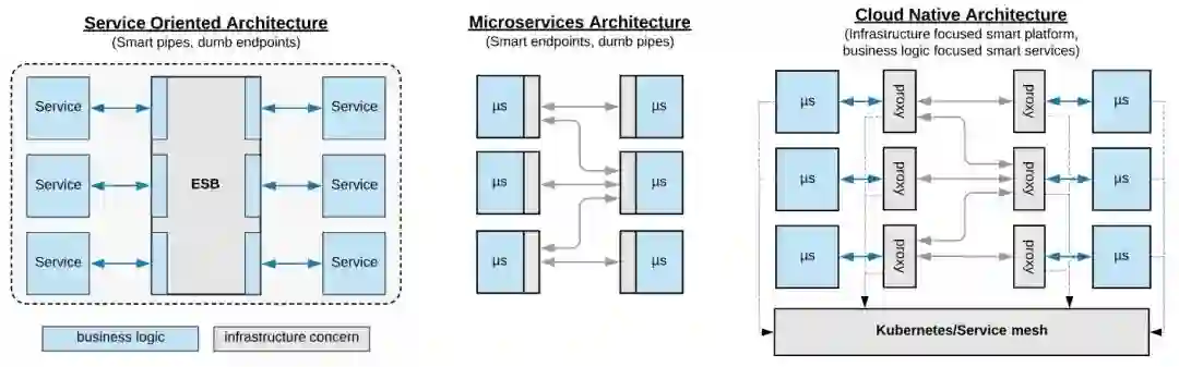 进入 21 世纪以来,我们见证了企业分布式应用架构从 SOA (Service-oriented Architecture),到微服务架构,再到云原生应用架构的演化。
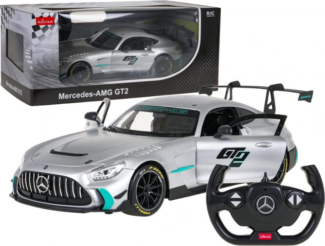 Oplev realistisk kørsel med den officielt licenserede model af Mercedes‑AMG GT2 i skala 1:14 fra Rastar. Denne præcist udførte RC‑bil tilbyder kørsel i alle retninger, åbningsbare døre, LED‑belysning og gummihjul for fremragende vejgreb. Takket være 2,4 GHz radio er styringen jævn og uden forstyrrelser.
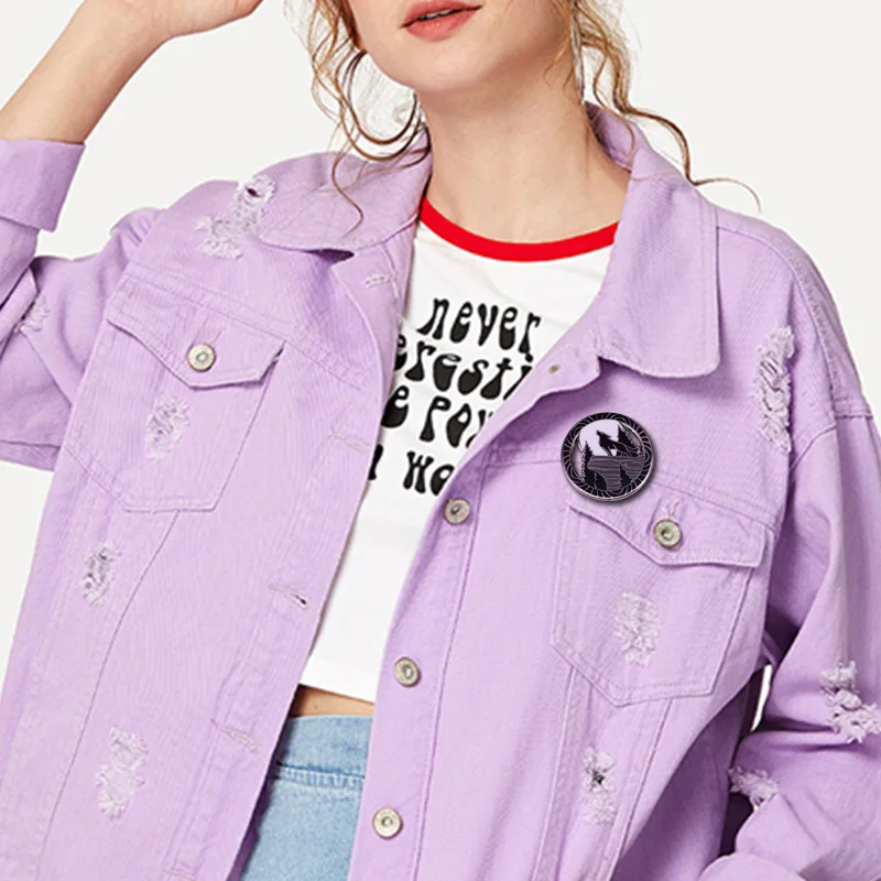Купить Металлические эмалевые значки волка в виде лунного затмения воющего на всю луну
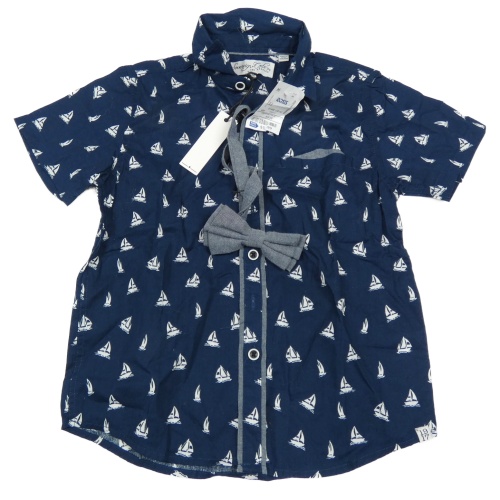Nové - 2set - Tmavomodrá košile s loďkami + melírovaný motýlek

◆ **WHAT IS REQUIRED**
Repeat the material exactly and drop each image.

◆ **WRITTEN SOLUTION**
 进入 21 世纪以来,我们见证了企业分布式应用架构从 SOA (Service-oriented Architecture),到微服务架构,再到云原生应用架构的演化。
 Oplev realistisk kørsel med den officielt licenserede model af Mercedes‑AMG GT2 i skala 1:14 fra Rastar. Denne præcist udførte RC‑bil tilbyder kørsel i alle retninger, åbningsbare døre, LED‑belysning og gummihjul for fremragende vejgreb. Takket være 2,4 GHz radio er styringen jævn og uden forstyrrelser.
Купить Металлические эмалевые значки волка в виде лунного затмения воющего на всю луну
Nové - 2set - Tmavomodrá košile s loďkami + melírovaný motýlek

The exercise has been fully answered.